Goal of the exercise: Set down each line of the records once more, precisely, and omit the pictures.

Dataset records:
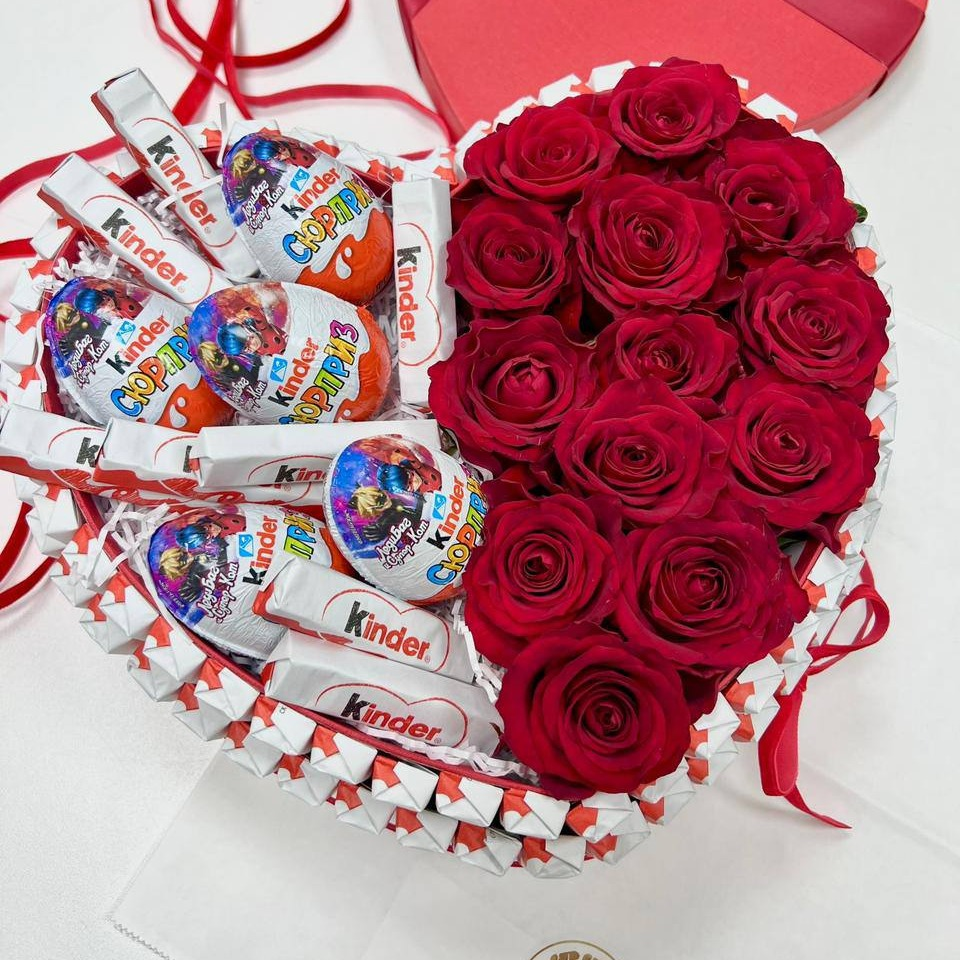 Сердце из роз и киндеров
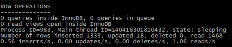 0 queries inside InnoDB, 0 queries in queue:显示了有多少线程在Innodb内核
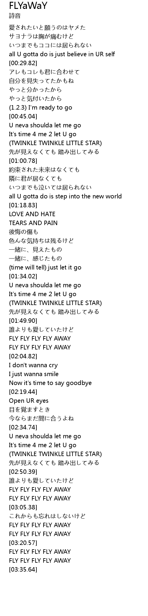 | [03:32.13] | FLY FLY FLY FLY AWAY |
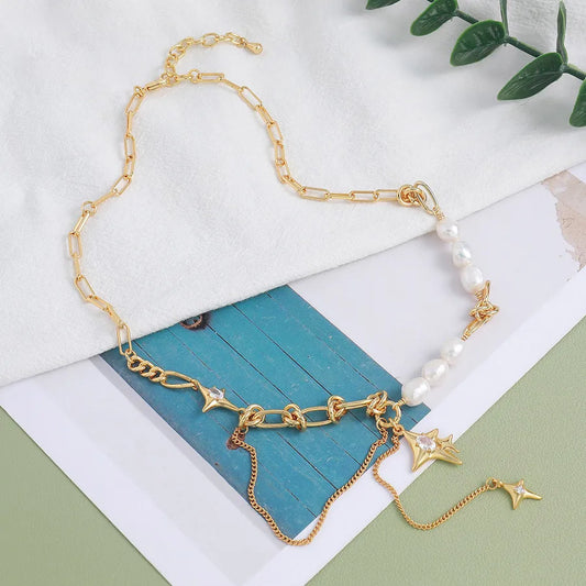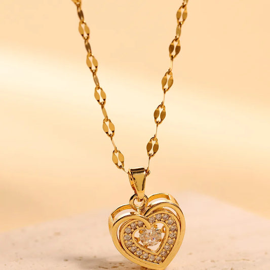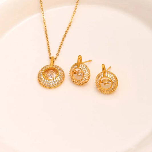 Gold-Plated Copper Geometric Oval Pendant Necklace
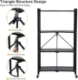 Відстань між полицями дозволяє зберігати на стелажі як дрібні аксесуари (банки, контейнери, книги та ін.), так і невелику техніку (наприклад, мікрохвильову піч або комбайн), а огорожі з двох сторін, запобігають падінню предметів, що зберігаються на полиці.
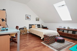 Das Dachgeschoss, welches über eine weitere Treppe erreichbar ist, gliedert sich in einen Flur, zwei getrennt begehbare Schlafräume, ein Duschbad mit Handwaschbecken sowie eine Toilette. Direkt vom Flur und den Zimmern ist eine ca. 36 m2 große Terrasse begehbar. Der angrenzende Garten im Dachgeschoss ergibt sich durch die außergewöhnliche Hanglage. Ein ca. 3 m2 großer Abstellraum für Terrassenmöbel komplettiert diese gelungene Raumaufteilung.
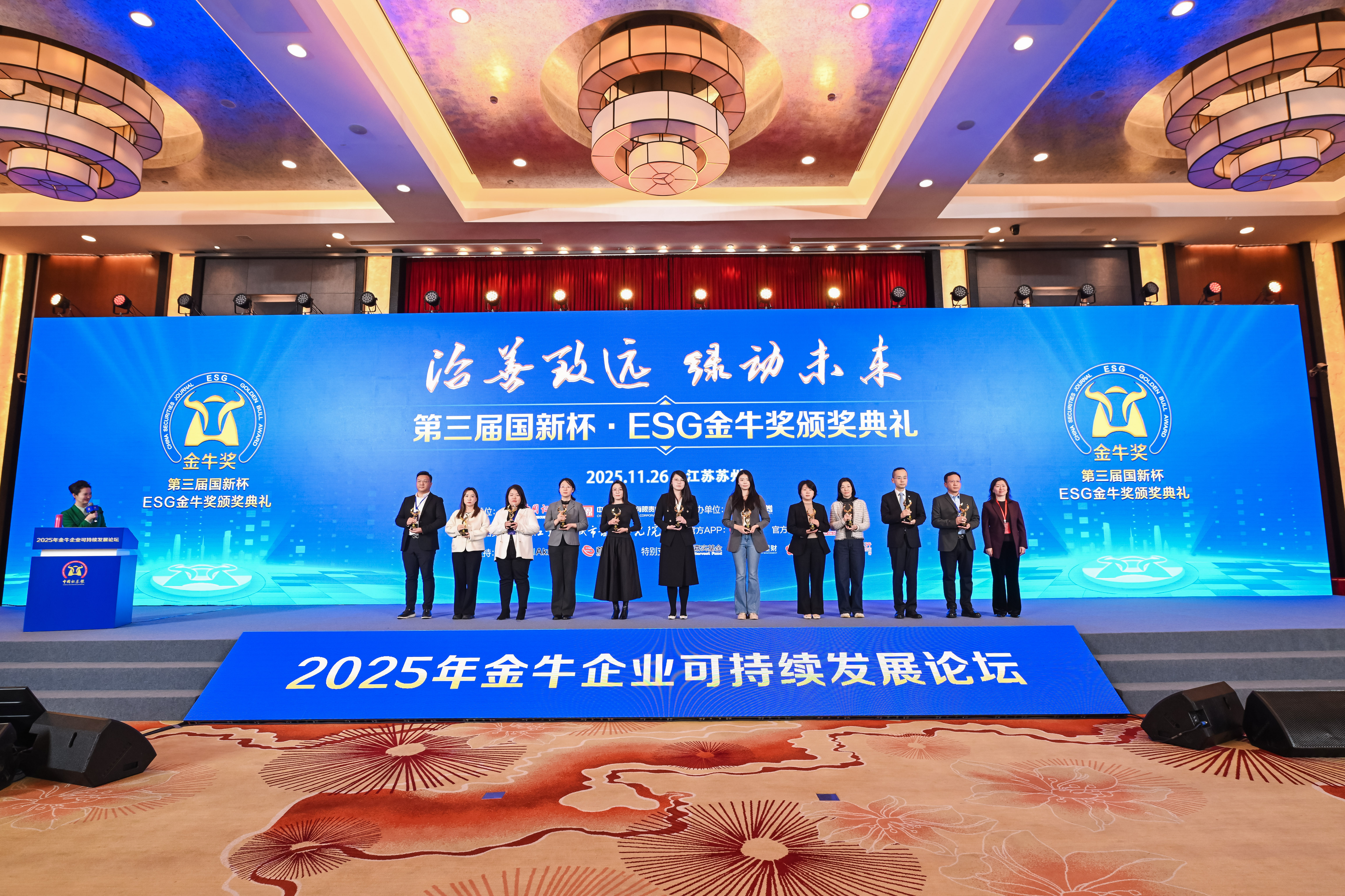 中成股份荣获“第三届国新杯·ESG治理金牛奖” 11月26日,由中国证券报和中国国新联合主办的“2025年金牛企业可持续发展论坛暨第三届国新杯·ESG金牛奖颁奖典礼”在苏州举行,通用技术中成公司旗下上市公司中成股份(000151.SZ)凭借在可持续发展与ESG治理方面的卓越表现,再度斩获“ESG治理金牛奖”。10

Exercise response:
 Сердце из роз и киндеров
 0 queries inside InnoDB, 0 queries in queue:显示了有多少线程在Innodb内核
 | [03:32.13] | FLY FLY FLY FLY AWAY |
 Gold-Plated Copper Geometric Oval Pendant Necklace
 Відстань між полицями дозволяє зберігати на стелажі як дрібні аксесуари (банки, контейнери, книги та ін.), так і невелику техніку (наприклад, мікрохвильову піч або комбайн), а огорожі з двох сторін, запобігають падінню предметів, що зберігаються на полиці.
 Das Dachgeschoss, welches über eine weitere Treppe erreichbar ist, gliedert sich in einen Flur, zwei getrennt begehbare Schlafräume, ein Duschbad mit Handwaschbecken sowie eine Toilette. Direkt vom Flur und den Zimmern ist eine ca. 36 m2 große Terrasse begehbar. Der angrenzende Garten im Dachgeschoss ergibt sich durch die außergewöhnliche Hanglage. Ein ca. 3 m2 großer Abstellraum für Terrassenmöbel komplettiert diese gelungene Raumaufteilung.
 中成股份荣获“第三届国新杯·ESG治理金牛奖” 11月26日,由中国证券报和中国国新联合主办的“2025年金牛企业可持续发展论坛暨第三届国新杯·ESG金牛奖颁奖典礼”在苏州举行,通用技术中成公司旗下上市公司中成股份(000151.SZ)凭借在可持续发展与ESG治理方面的卓越表现,再度斩获“ESG治理金牛奖”。10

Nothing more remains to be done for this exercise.